This is different from generic dead code elimination (DCE). DCE removes code that is unreachable within a single file, like an if (false) block. Tree shaking removes code that is unreachable across module boundaries. The two work together: tree shaking marks an export as unused, and the minifier (Terser, typically) removes it as dead code.
The critical requirement is that your code uses ES module syntax. The import and export keywords are statically analyzable. The bundler can read them at build time without executing any code. CommonJS require() calls are dynamic, they can appear inside conditionals, be computed at runtime, and are fundamentally impossible to analyze statically with full accuracy. This is why tree shaking does not work with CommonJS.
How Static Analysis Works
When webpack or Rollup encounters your entry point, it begins building a module graph. For each file, it parses the import declarations to determine which bindings are consumed from each dependency.

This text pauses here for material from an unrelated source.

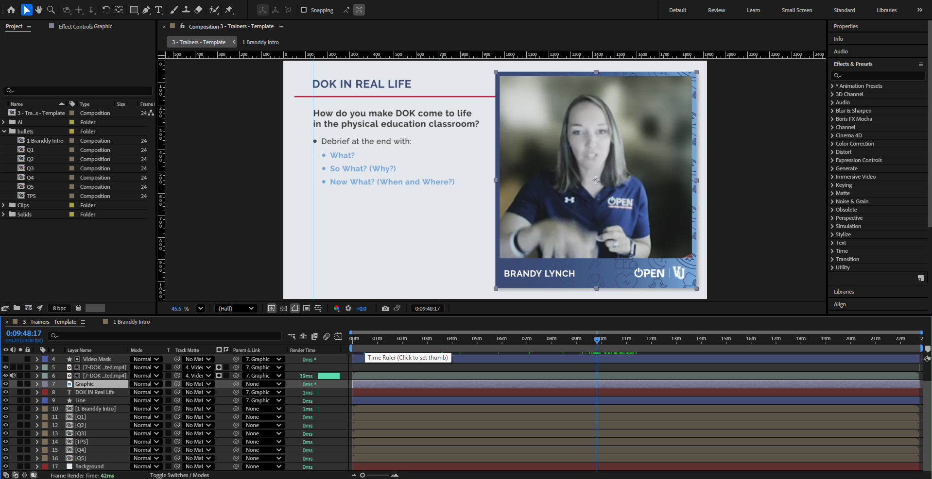 As of September 2025, the OPEN Certified Teacher Training Course has been available for just over a year, receiving over 560 course completions and positive testimonials. 96% of participants also gave the course 5 stars for quality satisfaction. This was a large scale project that pushed me to streamline my motion graphic workflow and create project-specific templates; skills I now bring to every future project.

Consider a utility module:
// utils/math.js (ES module syntax required for tree shaking)
export function add(a, b) {
return a + b;
}
export function subtract(a, b) {
return a - b;
}
export function multiply(a, b) {
return a * b;
}
export function divide(a, b) {
if (b === 0) throw new Error("Division by zero");
return a / b;
}
And a consumer:
// app.js
import { add } from "./utils/math.js";
console.log(add(2, 3));
The bundler sees that app.js imports only add from math.js. The exports subtract, multiply, and divide are never imported anywhere in the entire application graph. They get marked as unused. When Terser runs, it strips them out entirely.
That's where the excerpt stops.